## The task
Nothing but the text of the listing, repeated exactly, belongs in the answer; leave the images out.

## Dataset extract
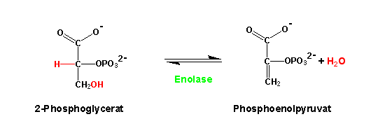 Enolase ist ein Enzym in der Glykolyse und katalysiert die folgende Reaktion.
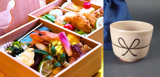 玄洋特製「太閤弁当」を1日限定50食ご用意。お持ち帰りができる唐津焼の猪口で乾杯!
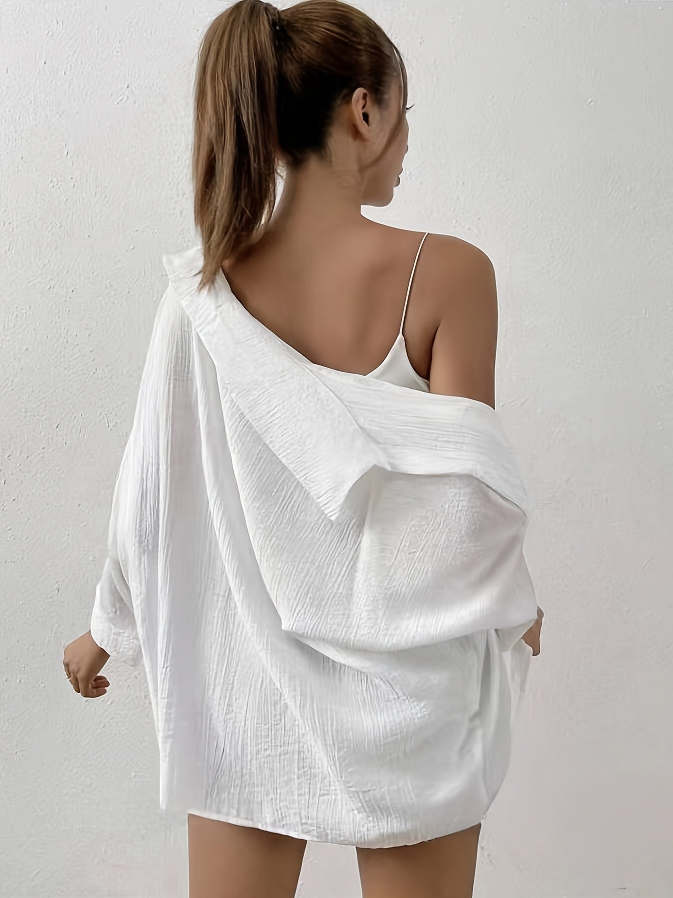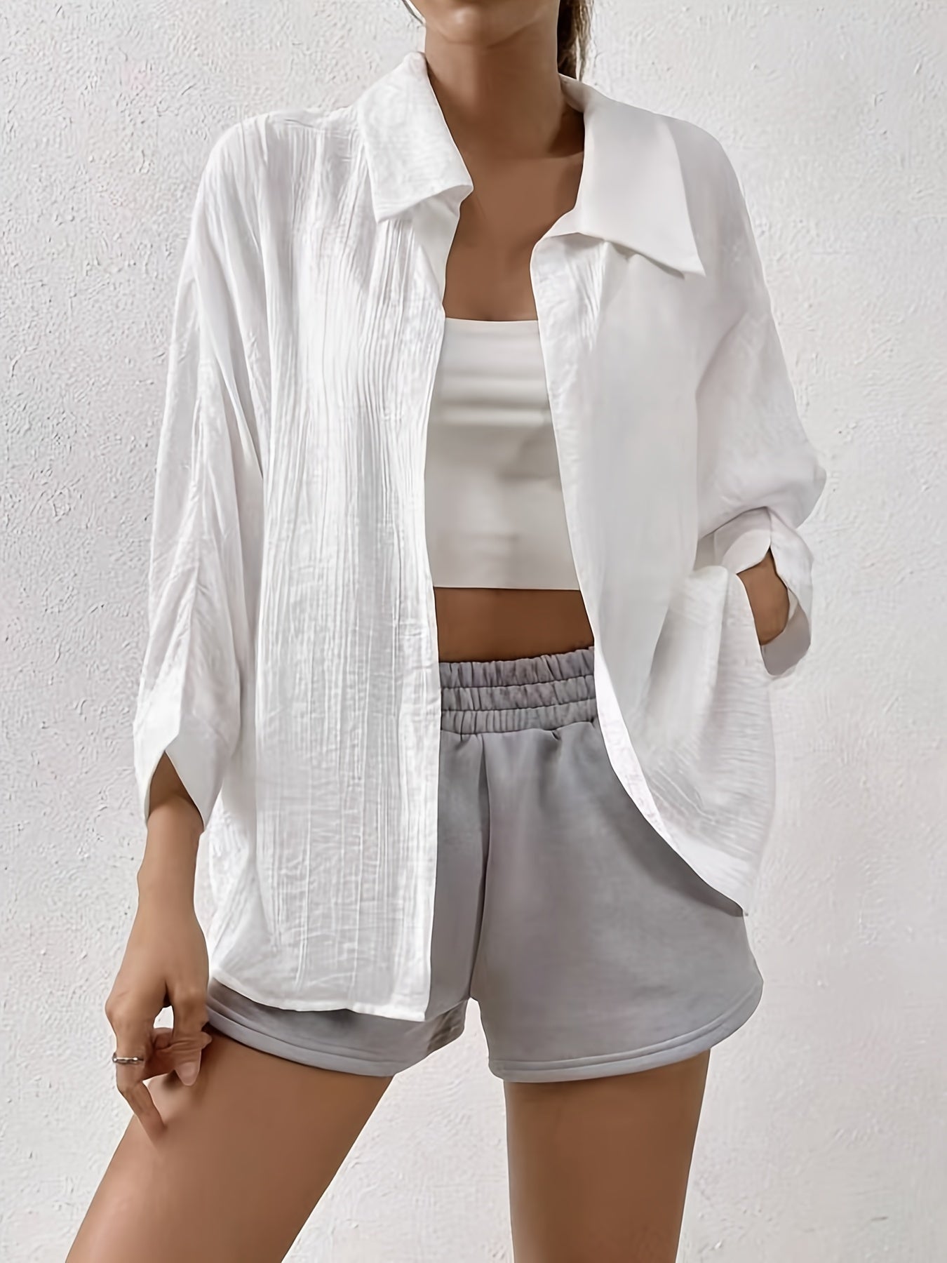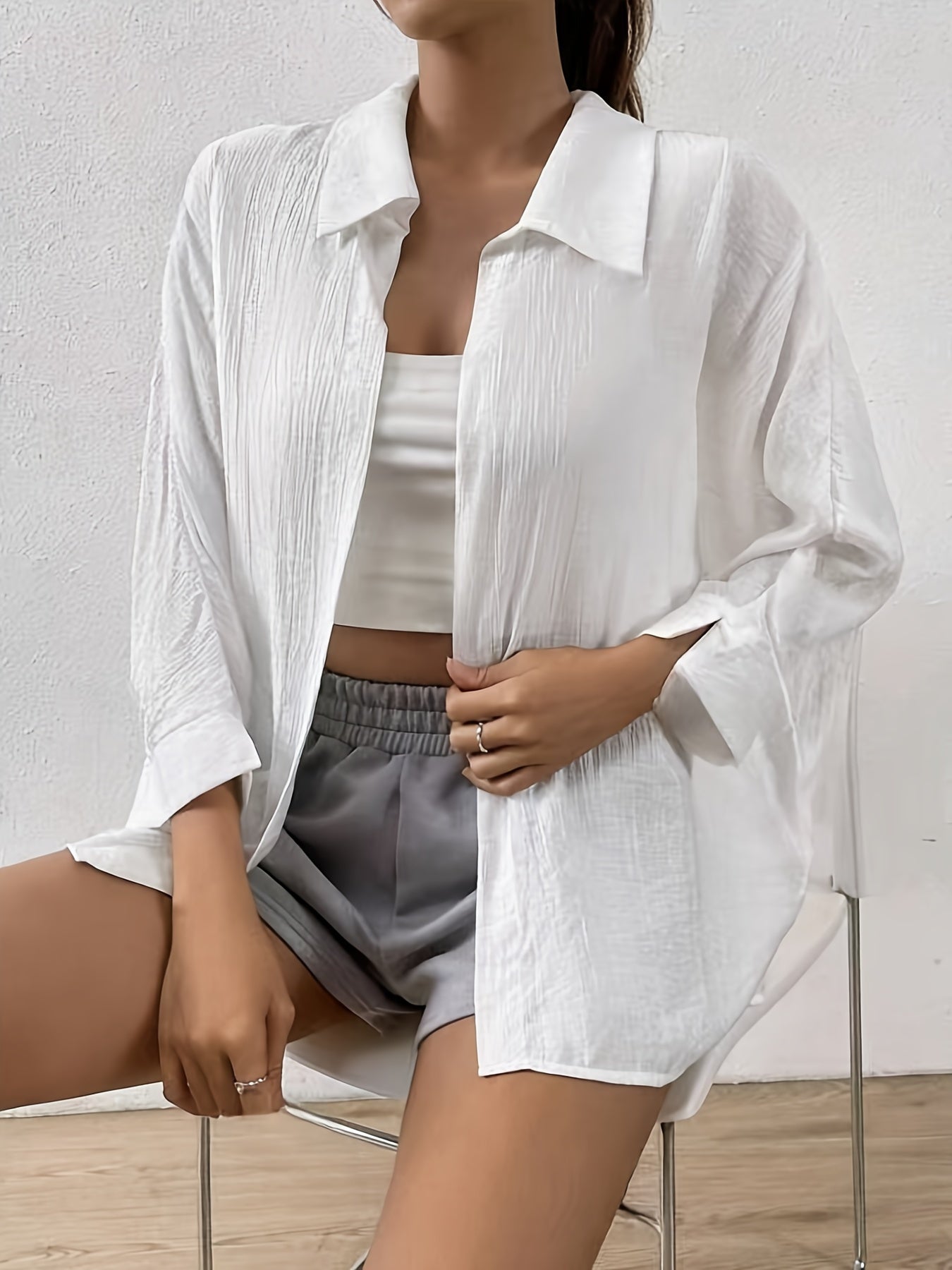 Genießen Sie unübertroffenen Komfort mit diesem stylischen Hemd. Die schlichte weiße Farbe lässt sich leicht mit verschiedenen Outfits kombinieren, von lässigen Shorts bis hin zu eleganten Hosen. Es ist die ideale Wahl für warme Sommertage oder als lässiges Layering-Stück.
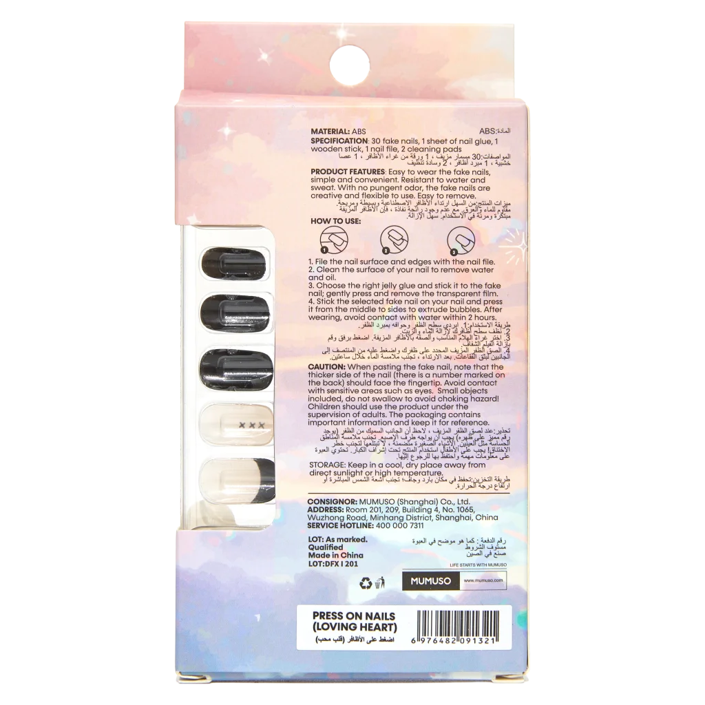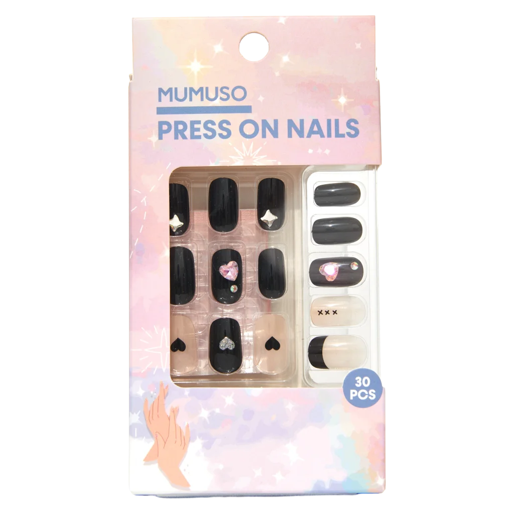 Das Set enthält 30 selbstklebende Nägel in elegantem Schwarz mit detailreichen Herz- und Stern-Designs. Die flexible Passform macht die Anwendung angenehm und individuell – für jeden Nageltyp geeignet.

## Response to the task
 Enolase ist ein Enzym in der Glykolyse und katalysiert die folgende Reaktion.
 玄洋特製「太閤弁当」を1日限定50食ご用意。お持ち帰りができる唐津焼の猪口で乾杯!
 Genießen Sie unübertroffenen Komfort mit diesem stylischen Hemd. Die schlichte weiße Farbe lässt sich leicht mit verschiedenen Outfits kombinieren, von lässigen Shorts bis hin zu eleganten Hosen. Es ist die ideale Wahl für warme Sommertage oder als lässiges Layering-Stück.
 Das Set enthält 30 selbstklebende Nägel in elegantem Schwarz mit detailreichen Herz- und Stern-Designs. Die flexible Passform macht die Anwendung angenehm und individuell – für jeden Nageltyp geeignet.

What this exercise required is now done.